İslami Cihad: Gelecekteki Savaş İsrail'i Filistin'den Süpürmek için Olacak
Filistin İslami Cihad hareketinin siyasi bürosunun bir üyesi, gelecekteki bir savaşta geçici Siyonist Rejimin Filistin topraklarından çıkarılacağı konusunda uyardı.
Welayet News - Filistin İslami Cihad Hareketi'nin siyasi ofisinin bir üyesi olan Nasır Ebu Şerif, Perşembe günü yaptığı açıklamada, Filistin'e karşı Siyonist projenin çok açık ve ortada olduğunu vurguladı.
Nasır Ebu Şerif şunları söyledi: ‘1967 sınırlarında hükümet kurma hayali kuran herkesin hayali, Siyonist rejimin baskısıyla yok oldu.
Filistin halkının gelecekteki savaşı, İsrail'i Filistin'den süpürmek olacaktır.
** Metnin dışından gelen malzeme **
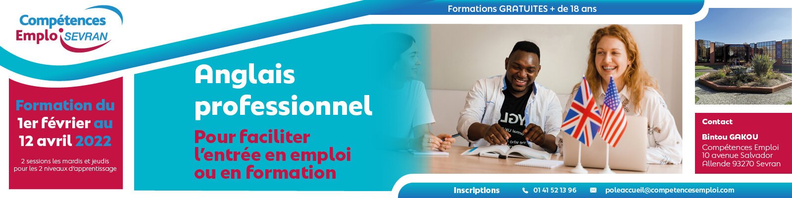 Compétences Emploi organise 2 nouvelles formations gratuites pour faciliter l'entrée en emploi ou en formation : anglais professionnel niveau débutant ou anglais professionnel niveau intermédiaire.

Filistin'in tamamen kurtuluşu için çaba gösterilmelidir. Bu nedenle, alanların birliği bu konuda önemli bir rol oynamaktadır.
Filistin halkı direnişi takdir ediyor. Biz, gaspçı işgalcilere karşı mücadelede birliği tamamlamak için alanların birliğinde ısrar ediyoruz. Arap ve İslam dünyasındaki diğerlerinin de bu çatışmaya katılmasını umut ediyoruz.
Alanların birliği sadece alanları değil, aynı zamanda her Filistinlinin tamamen kurtuluş konusundaki görüş birliğini de kapsamalıdır. İsrail'le saldırı temelinde mücadele etmek bizim dini ve ahlaki görevimizdir. İslami Cihad üç gün boyunca tek başına bu rejim karşısında durdu ve bu konu Filistin halkı için bir gurur kaynağıdır. Ön safta olduğumuz sürece mağlup olmadık ve direniş projesiyle birlikte her zaman kârdayız.’
Öte yandan, İslami Cihad'ın gündeme getirdiği meydanların birliği meselesi, Siyonistler için bir kâbusa dönüştü. Bu bağlamda, genç bir Filistinli kısa bir süre önce Doğu Kudüs'te Siyonistlere ait bir otobüse ateş açtı. Siyonist rejim güvenlik güçlerinin her kesimden daha fazla bulunduğu bu bölgede Filistinli bu gencin gerçekleştirdiği eylemde çok sayıda Siyonist yaralandı.
Arap Dünyasının önde gelen analistlerinden olan Abdulbari Atvan, Kudüs’te yaşayan Filistinli bir genç olan Emir el-Seydavi’nin gerçekleştirdiği şehadet operasyonunun sadece “Meydanların ve cephelerin birliği” sloganını vurgulamadığını, bu operasyonun aynı zamanda Güney Lübnan'daki Hizbullah modelinin Cenin, Nablus ve Gazze üçgenine aktarılmasına dayalı yeni bir stratejinin uygulanması, Siyonist rejimin caydırıcılık teorisinin yıkılması ve Kudüs'ün Yahudileştirilmesi ile ilgili tüm planların ve bu şehirdeki mevcut Siyonistlerin güvenliğinin çöküşünün başlangıcı için gerçekleştiğini belirtti.
İslami Cihad hareketinin gündeme getirdiği "Cephelerin ve meydanların birliği" sloganı, Batı Şeria, Gazze Şeridi ve 1948 işgal topraklarının Filistin Yönetiminin işgalcilerle güvenlik koordinasyonuna paralel olarak Filistinli savaşçıların operasyonel koordinasyonu doğrultusundaki alan birliği, siyasi ve diplomatik manevraları tanımayan yeni ve genç Filistinli grupların ortak bir komuta altındaki birliği ve işgalcilere karşı direniş ve Siyonist rejimle ilişkilerini normalleştiren ya da ilişkilerini normalleştirmeyen ve bu rejimle ilişkilerine gizli ve kapalı olarak devam eden tüm Arap rejimlerinden ve hükümetlerinden tam olarak bağımsızlık olan hedef birliği olmak üzere üç ilkeye dayanmaktadır.
Siyonist analistlerden birinin ifadesine göre, İslami Cihat hareketi Lübnan Hizbullah hareketinin sunduğu model gibi, çevresindeki Siyonist rejimin sadık düşmanı olmak için, uzun vadeli, çok yıllık bir hedefe ulaşmak için Batı Şeria'ya yerleşmeye dayalı yeni bir strateji başlattı.